A new way to make neural networks think systematically could ensure that artificial intelligence (AI) can be trained with less data. Over the past few years, models like ChatGPT have shown significant progress. But a lot of data is needed to train models, while people can learn with far fewer examples. to road Brenden Lake and Marco Baroni reported last week in the journal Science nature If deployed, AI can generalize better and, if possible, learn faster.
People can naturally think in general ways, which can be seen, for example, in how we learn mathematics. Children learn numbers and the + sign, and if the teacher explains that, for example, 1+2=3, children can understand that 2+1=3. This is also called “synthetic thinking.”
Compositionality is a property of language, as well as mathematics. It means that the meaning of a sentence or account depends on the meaning of its parts and structure. Syntactic thinking is nothing more than making use of the structure of language. This way you can understand the meaning of new combinations of words you already know.
A little training
Anyone who understands how the + sign works and knows the numbers can put all the numbers together in principle. Neural networks are not inherently intelligent. For example, if a neural network is not yet familiar with the + sign and has learned that 1+2=3, it may still think that 2+1=2, because it cannot immediately understand that the + sign always works in a certain way.
And in the new way that the researchers found nature Nowadays, programmers can teach the structure of neural networks so that they can avoid these types of errors with a little training. One of the researchers, computational linguist Marco Baroni, explains over the phone why they developed this method: “Training large models like ChatGPT requires a lot of energy, and we also want AI not to be developed only by large companies, like Google or Meta. Less data for training, it will be easier.
Neural networks are algorithms based on certain combinations of… Input And OutputsCan develop a method for estimating the outputs to be provided using new inputs. The method developed by Lake and Baroni can train the type of neural networks used for language processing, a family that includes ChatGPT.
Researchers use this technique Meta-learning It is called, where the AI is trained on different tasks, in this case, synthetic tasks, one at a time. The idea of meta-learning has been around since the 1990s, but according to Baroni, it has only been in recent years that neural networks have been developed enough to be able to learn compositionality in this way.
In one such synthesis task, the network is presented with a number of example sentences in an artificial language with the correct translation. For example, “fax” means red circle, “dup” means blue circle, and “fax kiki dup” means red circle then blue circle. The neural network is then shown a new sentence in the artificial language, for example ‘dup kiki fax’, and it must be translated correctly: first a blue circle and then a red circle.
The network is trained so that it provides the best possible translation of the new sentence it sees into various artificial languages with different grammatical rules. Once the model is trained, it can perform synthetic tasks just like humans. The researchers also showed that the trained network could perform a standard test of systematic generalization that it had developed better than the untrained network.

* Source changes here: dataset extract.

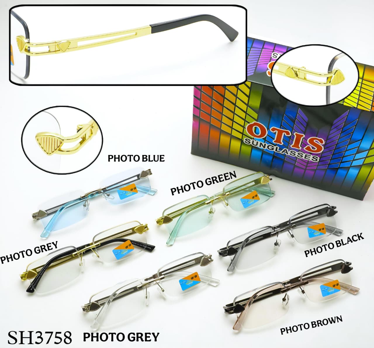 & Free ShippingStylish rimless sunglasses featuring premium metal temples with MAYBACK logo and advanced photochromatic lenses that automatically adjust to sunlight.

Jilli Zuidema, an assistant professor of artificial intelligence at the University of Amsterdam, explains that the untrained network with which Lake and Baroni perform the generalization test is very small compared to large modern models. “Their model has about a million parameters, whereas ChatGPT, for example, has billions. That’s a thousand times smaller.” Perhaps a larger model could do more than the untrained network used by Lake and Baroni.
an important question
ChatGPT can do so much that it sometimes seems as if the installation problem has already been solved. Zuidema: “It’s really amazing how creatively ChatGPT can handle new combinations of words. But we also know that ChatGPT has been trained on a lot of data and it’s not clear how exactly the model knows what to answer. You’ve probably just witnessed a lot Which makes a lot of it actually not new at all.
That’s why, according to Zuidema, it’s interesting to see how researchers can make smaller models with less training data to solve some synthetic tasks: “People sometimes ignore this question a little bit, but these ChatGPT models are very expensive to run, and there’s a really big need to train smaller models.” Smarter.
“Total coffee specialist. Hardcore reader. Incurable music scholar. Web guru. Freelance troublemaker. Problem solver. Travel trailblazer.”